• _AIM OF THE EXERCISE_: From the line with "Photo: Palestinians hold" down to the final line of the material, please transcribe everything exactly, but leave the pictures out.

• _RECORDED DATA_:
____

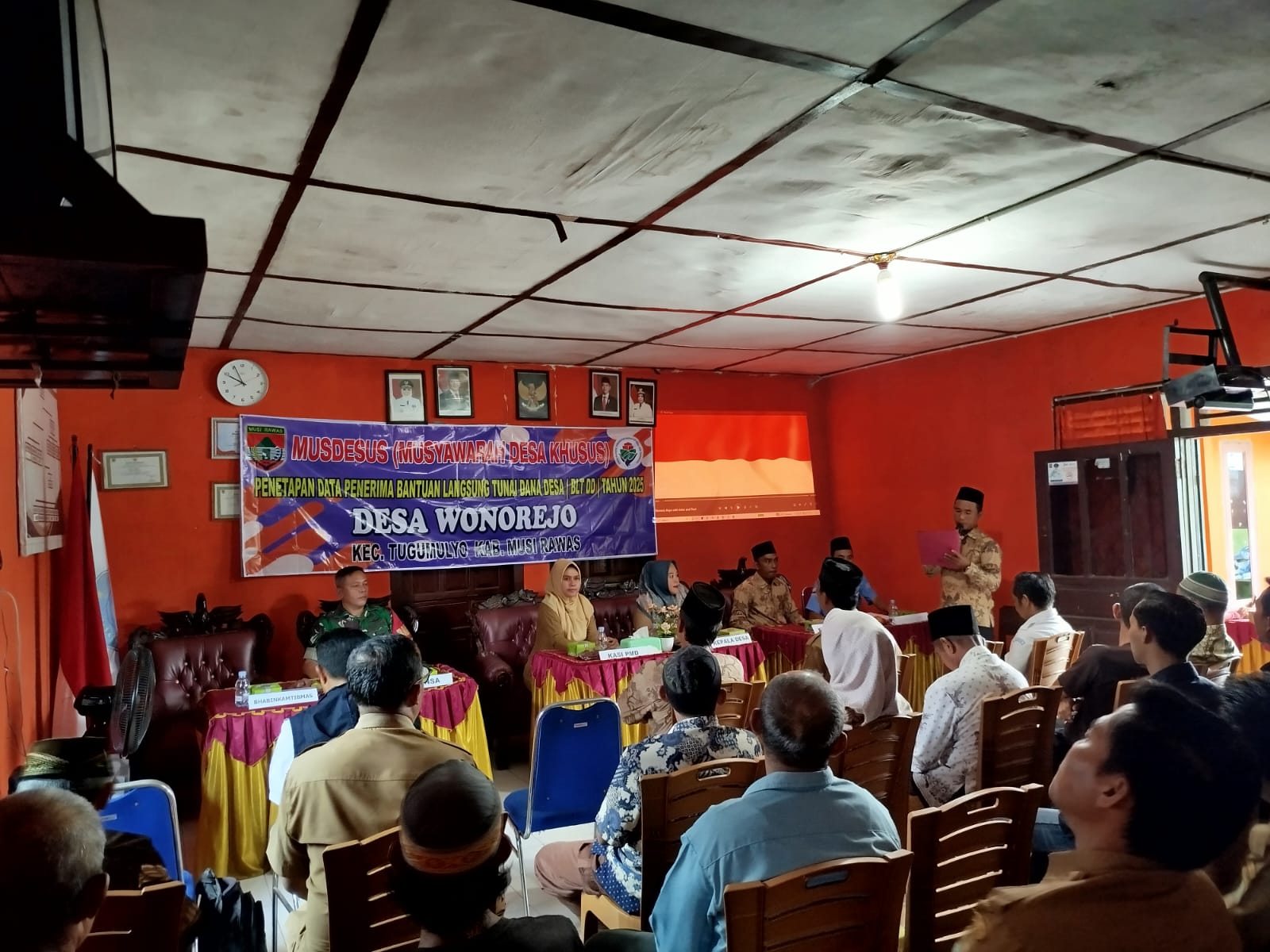 Kegiatan ini bertujuan untuk membahas strategi peningkatan ketahanan pangan di Desa Wonorejo serta mekanisme penyaluran BLTD kepada masyarakat yang membutuhkan. Dalam musyawarah ini, berbagai pihak terlibat dalam diskusi guna memastikan program yang dilaksanakan berjalan dengan efektif dan tepat sasaran.
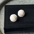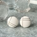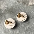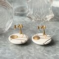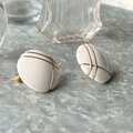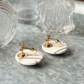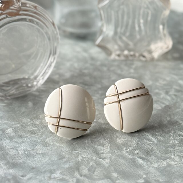 ホワイトアクリルカボションにゴールドワイヤーを巻きつけたようなグリッドデザインがモダンなイヤリング。
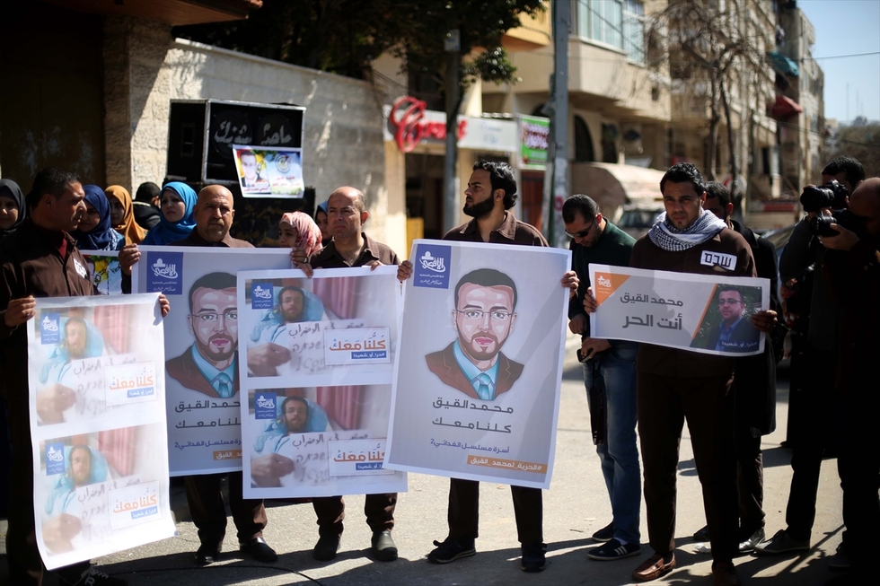 Photo: Palestinians hold posters bearing a portrait of hunger-striking journalist Mohammed al-Qiq, who is imprisoned in an Israeli jail, during a demonstration in his support outside the Red Cross building in Gaza City on 24 February, 2016 (AA).
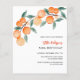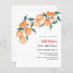 白地にオレンジの水彩画で装飾されたデザイン。お名前やパーティーの詳細情報を追加できます。

____

• _EXERCISE SOLUTION_:
 Photo: Palestinians hold posters bearing a portrait of hunger-striking journalist Mohammed al-Qiq, who is imprisoned in an Israeli jail, during a demonstration in his support outside the Red Cross building in Gaza City on 24 February, 2016 (AA).
 白地にオレンジの水彩画で装飾されたデザイン。お名前やパーティーの詳細情報を追加できます。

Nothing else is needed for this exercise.